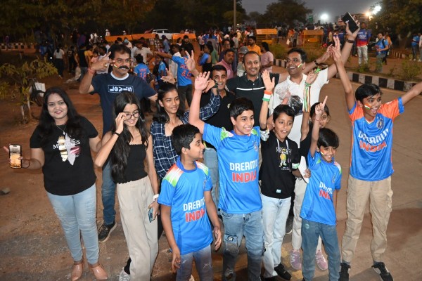 Raipur@patrika.com. दर्शक इंडिया की ब्लू जर्सी के साथ हाथों में तिरंगा झंड़ा थामे हुए थे।
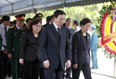 Tiếp theo là vòng hoa tưởng niệm của Thủ tướng Nguyễn Tấn Dũng và Phó thủ tướng Nguyễn Xuân Phúc. Đoàn đại biểu Chính phủ do Phó thủ tướng Hoàng Trung Hải vào viếng.
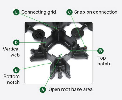 - Trên và dưới các khía bên (B) cho phép rễ cây và thân cây phát triển không hạn chế
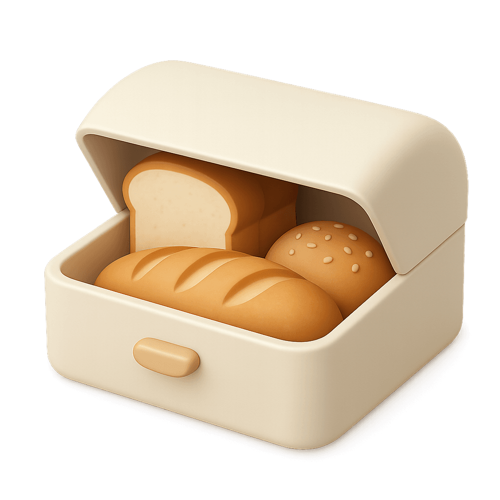 A bread box is a container designed to store bread and other baked goods, keeping them fresh by providing a controlled environment that limits exposure to air and moisture. Commonly found in kitchens, it helps organize countertops and prolongs the shelf life of bread.
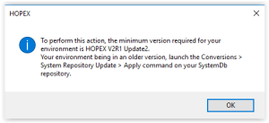 Warning 'To perform this action, the minimum version required for you environment is HOPEX V2R1 Update2…'
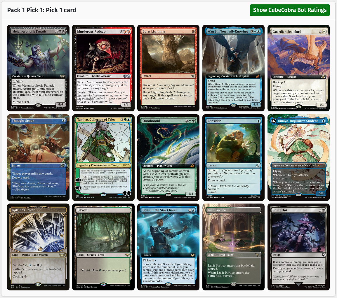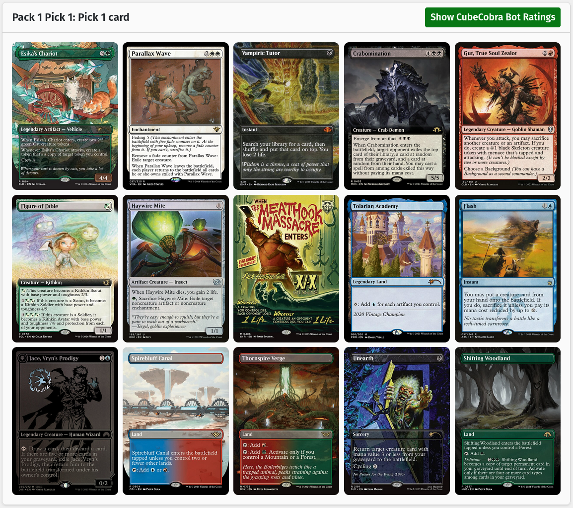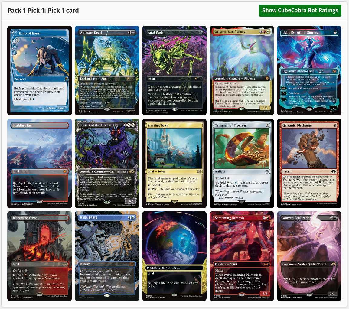 Despite this cube not being my own design, I have put my creative fingerprints on the aesthetics. To give you a feel for how I maintain my cube, here are some examples of packs you might open.
:::
> Work instruction:
Only one stretch of the listing is wanted: the lines starting at the one with "- Trên và dưới" and ending at the one with "A bread box", copied exactly and free of pictures.

> Exercise output:
 - Trên và dưới các khía bên (B) cho phép rễ cây và thân cây phát triển không hạn chế
 A bread box is a container designed to store bread and other baked goods, keeping them fresh by providing a controlled environment that limits exposure to air and moisture. Commonly found in kitchens, it helps organize countertops and prolongs the shelf life of bread.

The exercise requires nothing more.